April 29, 2026
Locked, loaded, and very online
Court Rules 2nd Amendment Covers Firearms Parts Good News Those Who Build Guns
Commenters roast serial-number laws as judges say gun parts may have rights too
TLDR: A federal appeals court said restrictions on some gun parts can still affect the right to bear arms, which could weaken state laws that treat parts like they’re outside that right. Commenters were gleeful and combative, mocking serial-number rules as legal wordplay and arguing over how far governments can regulate by inches.
The court ruling itself was big: a federal appeals court said laws targeting some gun parts can still raise Second Amendment questions, even if the state says it’s only regulating pieces and not whole firearms. In plain English, the judges signaled that banning or restricting certain parts isn’t automatically a loophole-proof workaround. That alone lit up the community, where commenters instantly turned the legal update into a full-blown "nice try, government" moment.
The hottest reaction was pure mockery. One commenter sneered that the whole strategy was basically, "we’re not banning guns, we’re just requiring a serial number" on something people allegedly can’t legally add one to anyway — and then dunked on it with a playground-taunt-level "Neener neener neener isn’t a valid legal theory." Ouch. Another commenter went bigger, warning about "constructive prohibition" — the fear that rights can be chipped away by a thousand tiny rules instead of one giant ban. That set the tone: this wasn’t just a legal debate, it was a comment-section referendum on whether governments are playing word games.
And yes, the side quests got spicy too. One person immediately asked whether proposed rules about printers detecting gun parts are now "dead in the water," while another called the ruling good news for freedom of speech and expression, stretching the debate beyond guns and into culture-war territory.

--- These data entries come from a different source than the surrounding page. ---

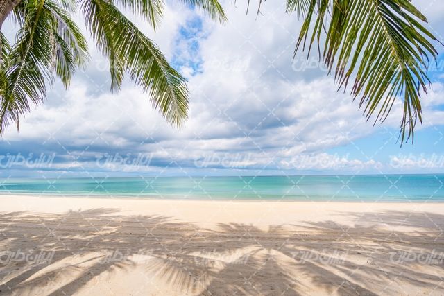تصویر با کیفیت ساحل دریا همراه با آسمان ابری و دریای آرام
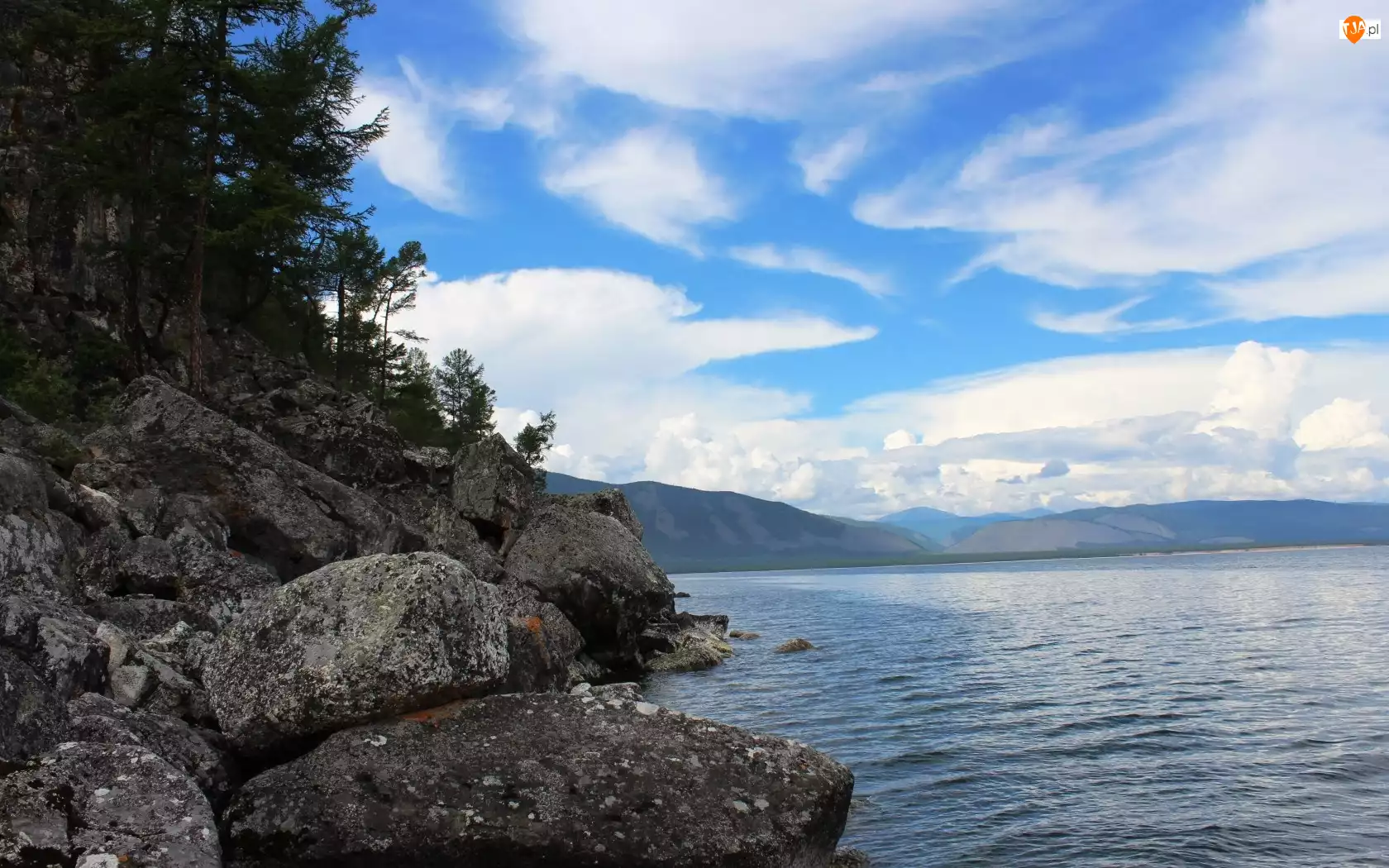 Rosja, Góry, Skały, Jezioro, Bajkał
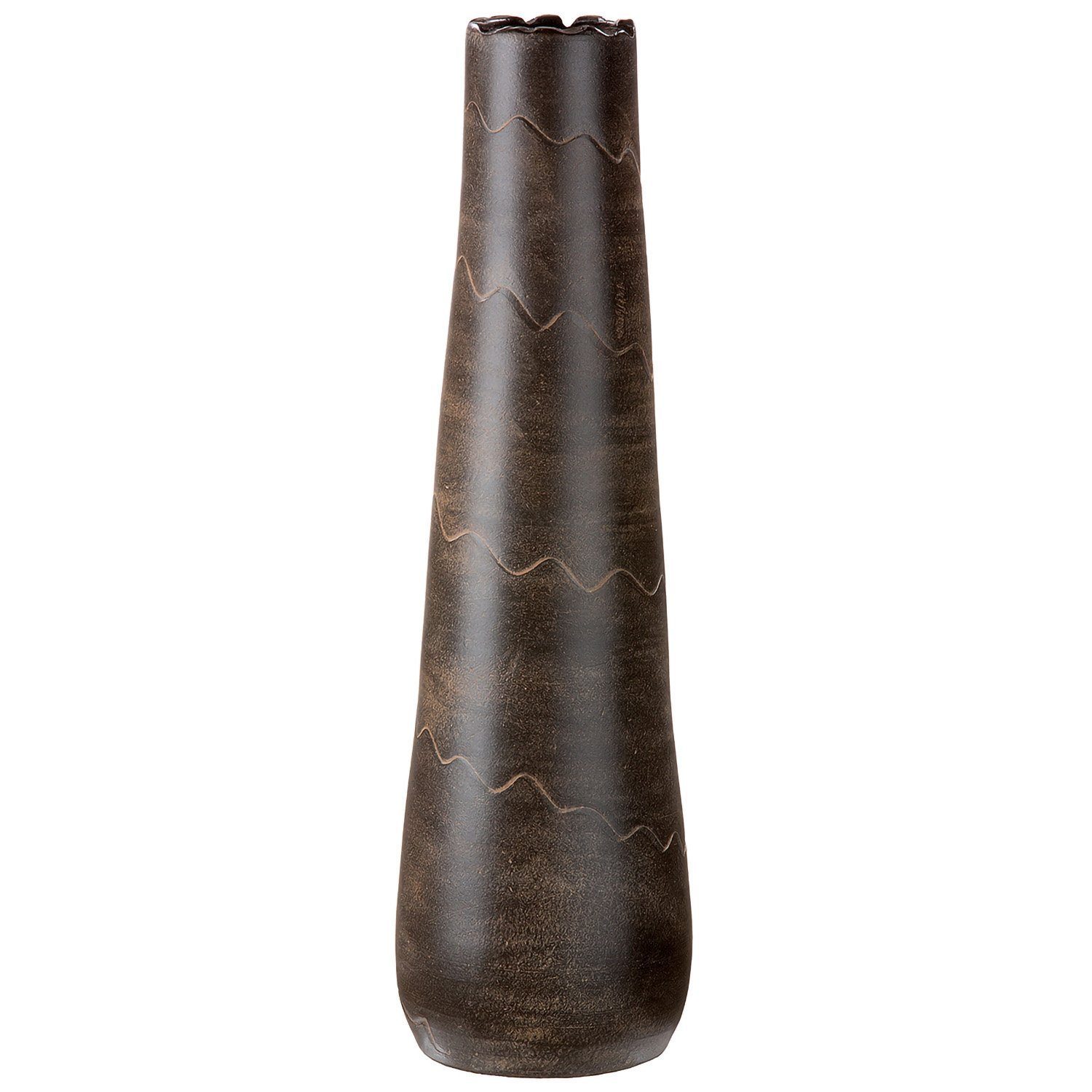Die Vase Wave aus Keramik in braun besticht durch ihre konische Form und eine Höhe von 60 cm, ideal für große Blumenarrangements.

Even the article’s own vibe — custom rifles compared to "Barbie dolls for men" — gave readers a meme-able image of hobbyists accessorizing their builds while the comments went full courtroom cage match.
Key Points
- •The 10th Circuit Court of Appeals ruled that Colorado's restrictions on certain unserialized firearm parts do implicate the Second Amendment.
- •The article says Colorado enacted a law in June 2023 barring the purchase, sale, transfer, and possession of unserialized firearms, frames, receivers, and similar items.
- •Plaintiffs in the case included Christopher Richardson, John Howard, Max Schlosser, National Association for Gun Rights, and Rocky Mountain Gun Owners.
- •Attorney Ryan Semerad said the ruling means defendants charged over firearm parts could potentially raise Second Amendment challenges.
- •The article describes growing popularity in building and customizing firearms, especially AR-15-style rifles, using a serialized core component such as a lower receiver plus additional parts and accessories.